Unlike Local Law 97, MEES does not set a cap on emissions. Instead, it focuses on improving efficiency, which can indirectly lead to lower emissions. MEES also doesn’t include any penalties for non-compliance, although landlords may find it harder to rent out properties that do not meet standards. While both laws aim to reduce emissions and improve efficiency, they differ in their approach. Local Law 97 focuses on capping emissions, while the UK's MEES focuses on improving energy efficiency in rented properties. Both laws, however, represent significant steps towards reducing the environmental impact of buildings.

New York Buildings Energy Performance

EU Energy Performance of Buildings Directive

In the European Union (EU), the European Commission revised its Energy Performance of Buildings Directive (EPBD) in 2021, as part of the 'fit for 55' package, to meet a minimum 55% EU reduction in greenhouse gas (GHG) emissions by 2030. The EPBD requires member states to set minimum energy performance requirements for new buildings, major renovations, and for the replacement or retrofit of key building elements. Each EU member implements this directive individually, leading to stark variations and innovative regional leaders such as Denmark.

The bloc aims for a zero-emission and fully decarbonised building stock by 2050 by focusing on increasing the rate of renovation for the worst-performing buildings in each EU Member State. All new buildings in the EU will need to be zero-emission, with all public buildings reaching the same goal by 2027, but that is not enough for some, such as the EU Committee on Industry, Research, and Energy (ITRE).

On 9 February 2023, the ITRE adopted a report with even more ambitious proposals, advising that all new buildings be solar enabled by 2028, residential buildings to reach energy performance class E by 2030 and class D by 2033. Non-residential and public buildings to achieve the same classes by 2027 and 2030 respectively. They also propose the total phase-out of fossil fuels in new heating systems by 2035.

Many small affluent nations lead the line in terms of building code implementation. Singapore implemented a Super Low Emissions (SLE) rating alongside its Neutral and Positive certifications and expects to see 80% of new buildings in those categories by 2030. To drive more SLE buildings, a new SGD 63-million (USD 48 million) incentive scheme has been available since 2Q 2022 to drive energy performance renovations.

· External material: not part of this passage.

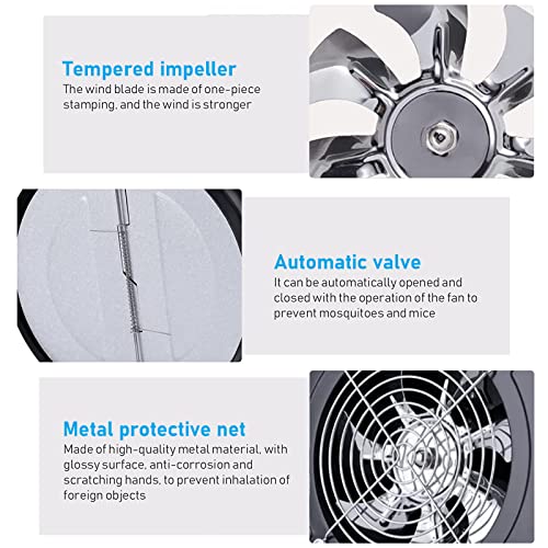 Alta qualità: il ventilatore di scarico da 150 mm è realizzato in materiale metallico di alta qualità, resistente all'umidità e alla ruggine. Ha una forte pressione del vento e un'elevata efficienza una lunga durata.

In Dubai, the Green Building Guide and Regulations is a framework designed without credits, points, or certifications to reward buildings for their gradual energy achievements. The Dubai Municipality simply obliges all developers, consultants, designers and industry stakeholders to follow the specifications as a condition for acquiring a building permit. This has spurred a wide range of innovative net zero buildings in the Emirate.

There are two common approaches to designing building energy codes: the more prevalent “prescriptive” strategy and alternatively a “performance-based” option.

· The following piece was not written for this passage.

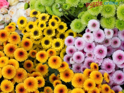 Pomarańczowe, Żółte, Chryzantemy drobnokwiatowe, Kwiaty, Zielone, Różowe
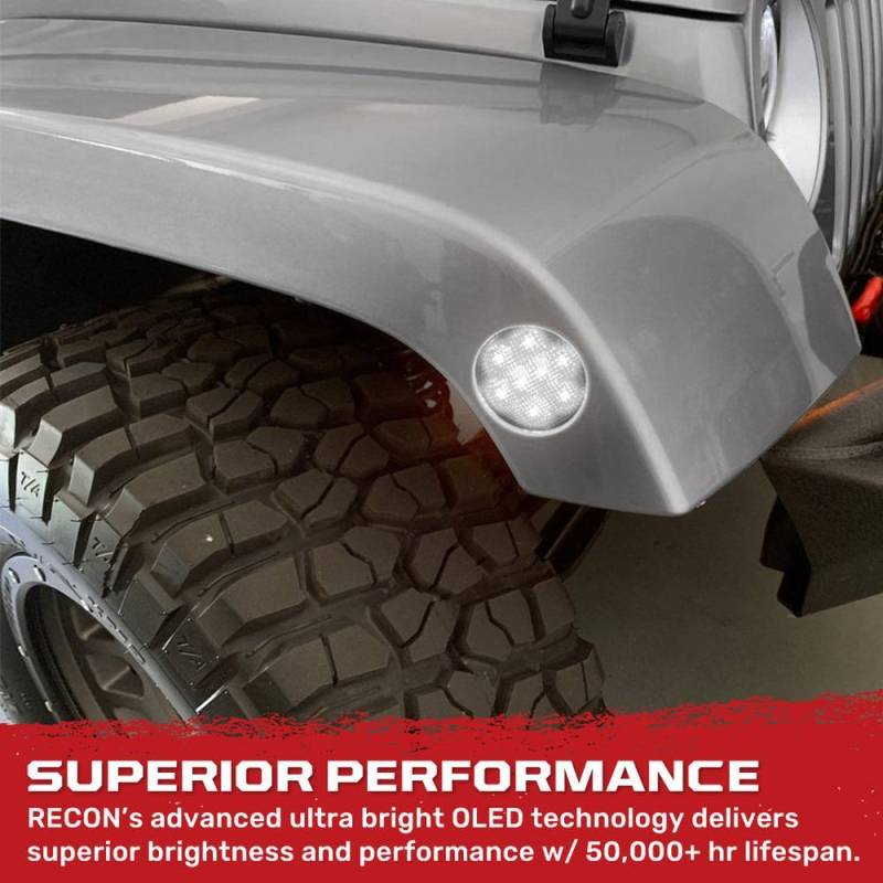 Recon 264135WHCL LED Front Side Fender Lenses Clear/White for 07-18 Wrangler JK

Prescriptive codes typically set minimum specifications on a component-by-component basis and are often preferred by builders, designers and other practitioners for its explicit and straightforward approach. However, they lack the flexibility to deal with trade-offs. Performance codes typically rely on whole-building energy modelling, which allows for greater use of trade-offs but demands more sophistication by practitioners exploring all the options.

“Many jurisdictions around the world still lack building energy codes, or face traditional barriers such as workforce training, compliance-support programmes, or limited enforcement,” explains an IEA report. “Successfully implementing and enforcing energy codes requires resources to support staff time and expertise, acquire necessary training, and develop tools. While a performance-based code provides additional design freedom and can lead to innovative approaches, it involves more complex energy simulations and trade-offs between systems that are beyond the expertise of traditional plan review and field inspection personnel.”

According to the report, about 80 countries have mandatory or voluntary codes in place, representing a 30% increase since the Paris Agreement in 2015.